Chapter I: Fundamentals of machine learning

Source: Internet
Author: User



Part I: Classification



The first two parts of the book focus on supervised Learning (supervisedieaming). In the process of supervising learning, we only need to give the input sample set , and the machine can push the possible results of the specified target variable from it. Supervised learning is relatively simple, and the machine simply predicts the appropriate model from the input data and calculates the result of the target variable from it.
Supervised learning generally uses two types of target variables: nominal and numerical.

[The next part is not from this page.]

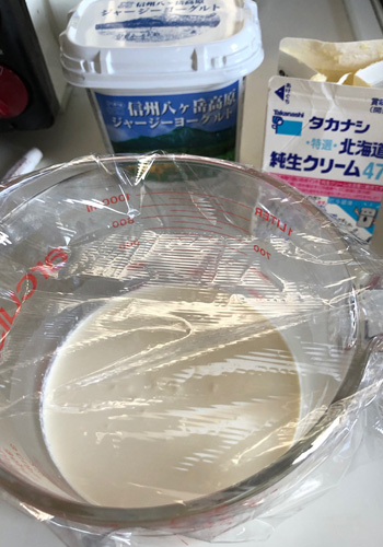 生クリーム200㏄にプレーンヨーグルトを大匙2杯入れてよく混ぜ合わせ、室温で3時間置きます。

The result of the nominal target variable is only in the limited target set value, such as true and false, animal classification set {reptiles, fishes, mammals, amphibians, plants, fungi}; Numerical target variables can be used to take values from an infinite set of values, such as 0.100, 42.001, 000.743, and so on. The numerical target variable is mainly used for regression analysis , the second part of this book is studied, the first part mainly introduces classification .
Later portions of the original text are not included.